I remember collecting such things when I was a teenager and had pen pals from different parts of the world. One year for Christmas my mom ordered monogrammed stationery for my sister and me. She was a classy lady.
Do you remember the thrill of receiving a letter in the mail? I do. The words, "You have a letter," never failed cause excitement. Chores were finished faster so I could sneak away to savour those precious words from a friend.
When I was in high school, my sister went on an extended backpacking trip around Europe (these were the '70s) and wrote letters home on thin airmail paper detailing her travels and what she had seen and done.

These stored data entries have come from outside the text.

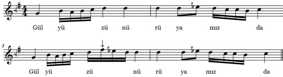
Şekil 20. Gül Yüzünü

3) Pest notalardan tiz notalara geçişte ya da tersi durumlarda pestleşme ve tizleşme hissiyatını vermeden yumuşak icra yapılmalıdır.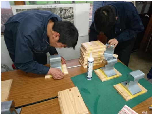
南阿蘇鉄道(株)の職員による制作風景

熊本県南阿蘇村 さとふる 納税サイト https://www.satofull.jp/vill-minamiaso-kumamoto/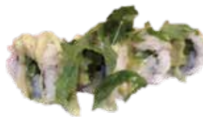
118: Rollo vegetariano de espárrago (4u)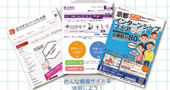
色々な情報サイトを 活用しよう!

学生は、左記の「大学が主導的に実施するインターンシップ」とは別に、一般的に、企業等が公募するインターンシップの内容や条件等の情報を収集し、希望する会社などに申込みを行い、受入が決まれば参加することができます。(本学、大学コンソーシアム京都、京都府のジョスパークなどが斡旋するインターンシップもこれに含まれます。)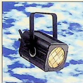
F 51 18 - 38° Lentille Fresnel pour un faisceau à bords doux. Extrêmement compact seulement 2,2 kg !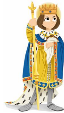
LOUIS IX 1226 - 1270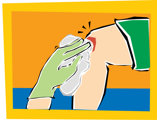
2. Cure debidamente el lugar lastimado.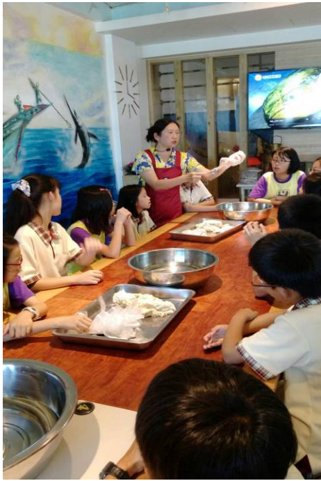
照片說明：製作魚丸前觀賞示範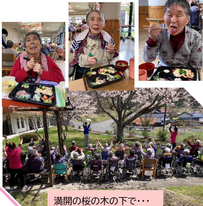
満開の桜の木の下で...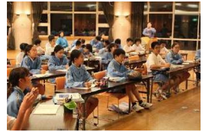
【オリエンテーション合宿】

なお、新型コロナウイルス感染拡大の状況によっては、当該行事の中止も想定されますので、本校HPをご確認ください。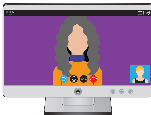
Видео разговор на Skype

За време на разговорот, сликата на соговорникот ќе го исполнува поголемиот дел од екранот. Вашето лице ќе го видите во мал квадрат во долниот дел од екранот. Така ќе знаете како ве гледа соговорникот.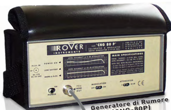
Generatore di Rumore (CNG-80P)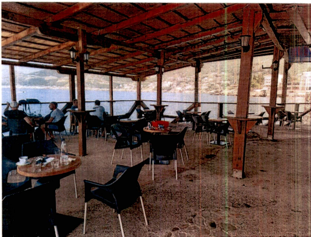
Slika 2 – Izgled natkrivene terase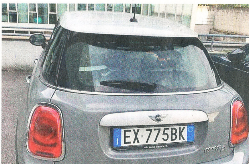
• La MINI Cooper D 5 porte rubata ad Ora lo scorso fine settimana

I still love receiving letters in the mail, though it seem like now they are mostly stuffy, business-like things, such as bank statements. My mailbox is down the street from my house (here in Canada they're called community mailboxes, I think), so when I get a "real" letter, I can't wait to rush home and open it.
Letters tell us that someone cares, and that they are thinking of us. Even more exciting is receiving a package in the mail, especially when it contains a gift. Oooh, joy!
I've always loved writing and paper, and I know I'm not alone in my love a receiving delightful letters.
Just look at these adorable papers and cards. It takes so little to make life pretty — just a touch here and there, a small detail that brings joy, or a moment of silent reflection.
My mom was one of my most ardent supporters. She subscribed to everything I've created and insisted on paying me for anything that I had for sale. I wrote and painted always knowing that mom would be seeing what I created. I sure miss her.
Just when we thought it was over, winter showed up again. The snowdrops in my front flower bed were about to open their darling white blossoms but now are buried in snow.
It has snowed steadily for a day and a half, covering cars, causing bushes to bend under the weight, and forming icicles from eves. And it shows no signs of stopping any time soon. While the temperatures are not terribly cold, blasts of wind blow snow around into drifts and into faces. Here is the forecast for the week. Showers after snow...very messy.
How pretty this window is with its fringe of icicles. Notice the little snow hats on the shrub on the left. It's a sure sign that the temperature is not deep cold when icicles form. It has to be warm enough for ice to melt a little.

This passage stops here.